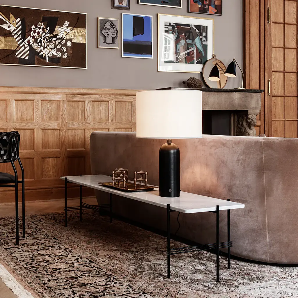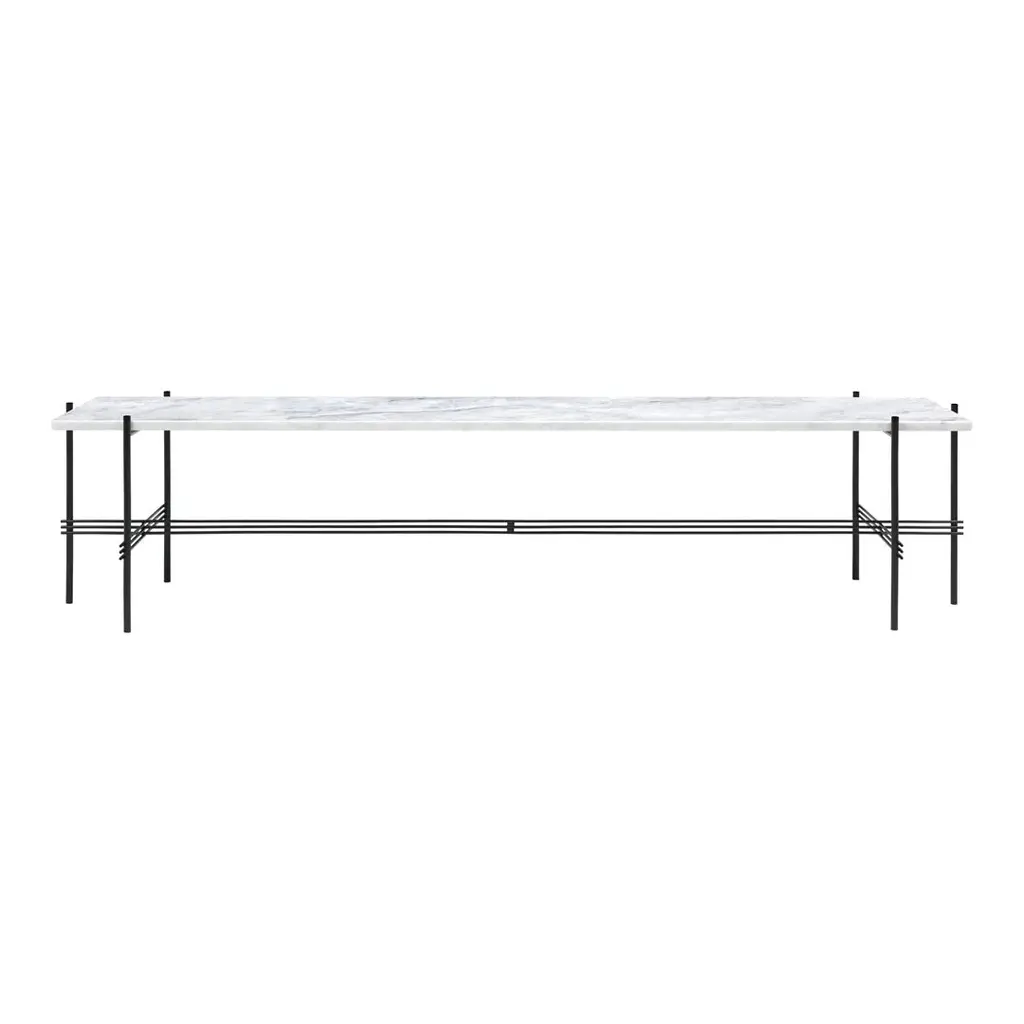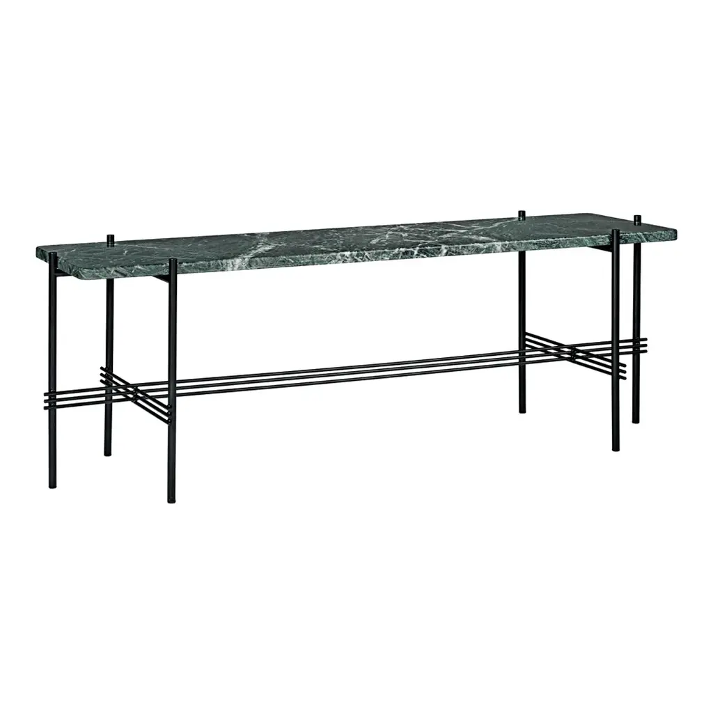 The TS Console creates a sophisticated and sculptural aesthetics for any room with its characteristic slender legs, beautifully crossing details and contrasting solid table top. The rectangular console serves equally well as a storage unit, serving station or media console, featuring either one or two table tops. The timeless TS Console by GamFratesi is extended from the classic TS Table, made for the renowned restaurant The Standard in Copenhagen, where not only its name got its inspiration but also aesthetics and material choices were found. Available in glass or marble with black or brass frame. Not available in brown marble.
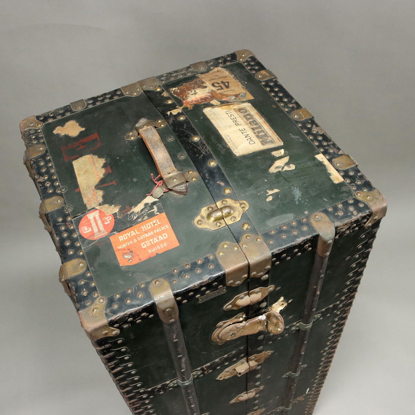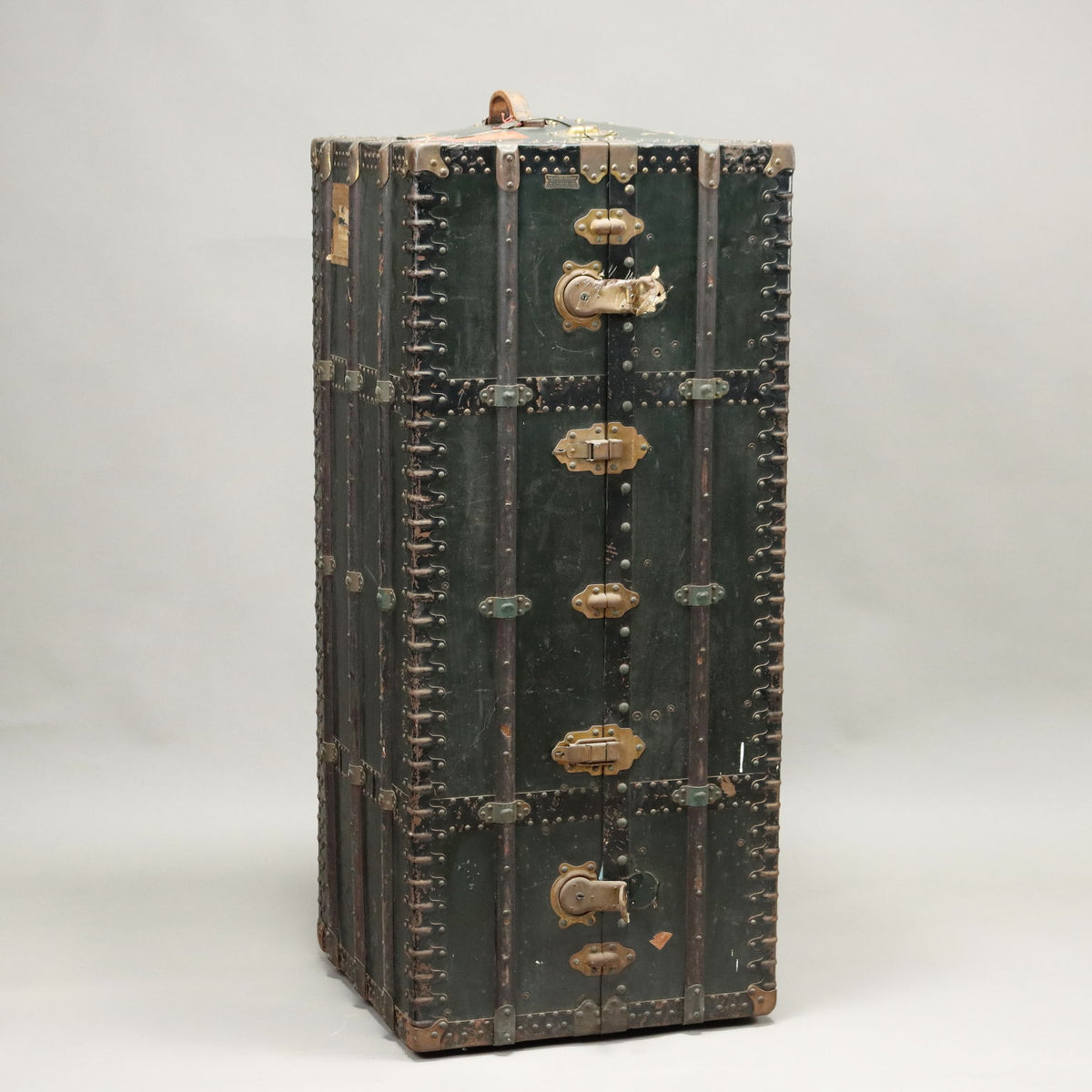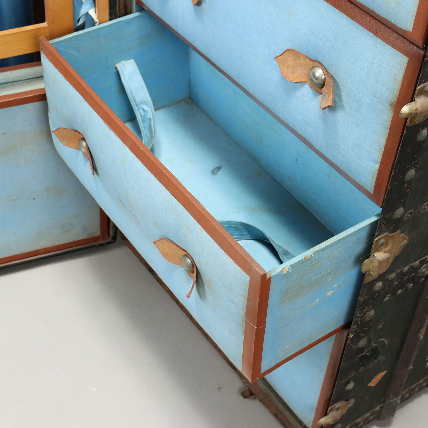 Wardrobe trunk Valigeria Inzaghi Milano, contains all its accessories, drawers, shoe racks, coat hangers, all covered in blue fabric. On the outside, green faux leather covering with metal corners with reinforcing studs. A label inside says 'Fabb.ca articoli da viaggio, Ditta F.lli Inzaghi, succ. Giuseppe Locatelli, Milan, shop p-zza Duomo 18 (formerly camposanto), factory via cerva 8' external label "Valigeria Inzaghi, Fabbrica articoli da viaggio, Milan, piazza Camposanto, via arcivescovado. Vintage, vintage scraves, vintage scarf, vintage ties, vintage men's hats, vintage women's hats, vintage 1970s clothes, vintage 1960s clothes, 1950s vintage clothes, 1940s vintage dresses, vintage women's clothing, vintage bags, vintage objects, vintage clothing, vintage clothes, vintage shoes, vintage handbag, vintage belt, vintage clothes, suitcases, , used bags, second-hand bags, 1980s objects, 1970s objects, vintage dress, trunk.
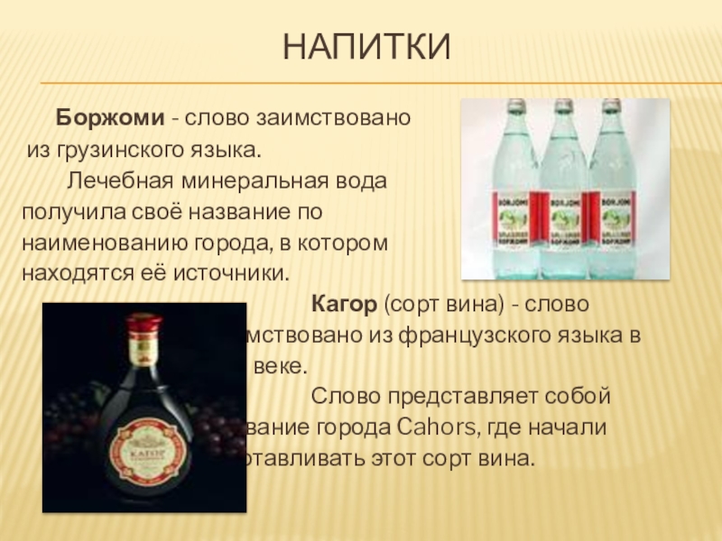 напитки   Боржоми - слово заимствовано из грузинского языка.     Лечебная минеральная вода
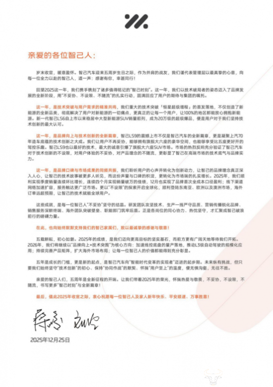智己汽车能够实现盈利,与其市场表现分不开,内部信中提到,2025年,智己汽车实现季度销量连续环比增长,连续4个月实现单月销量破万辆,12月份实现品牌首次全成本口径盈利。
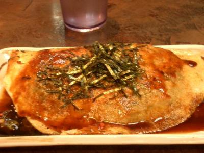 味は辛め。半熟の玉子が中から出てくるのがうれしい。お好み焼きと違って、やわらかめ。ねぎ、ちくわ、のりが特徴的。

• • •

**REQUIRED ACTION:**
The expected answer is the line with "Лечебная минеральная вода" followed by every remaining line of the listing, each restated exactly, with all pictures dropped.

**EXERCISE OUTPUT:**
 напитки   Боржоми - слово заимствовано из грузинского языка.     Лечебная минеральная вода
智己汽车能够实现盈利,与其市场表现分不开,内部信中提到,2025年,智己汽车实现季度销量连续环比增长,连续4个月实现单月销量破万辆,12月份实现品牌首次全成本口径盈利。
 味は辛め。半熟の玉子が中から出てくるのがうれしい。お好み焼きと違って、やわらかめ。ねぎ、ちくわ、のりが特徴的。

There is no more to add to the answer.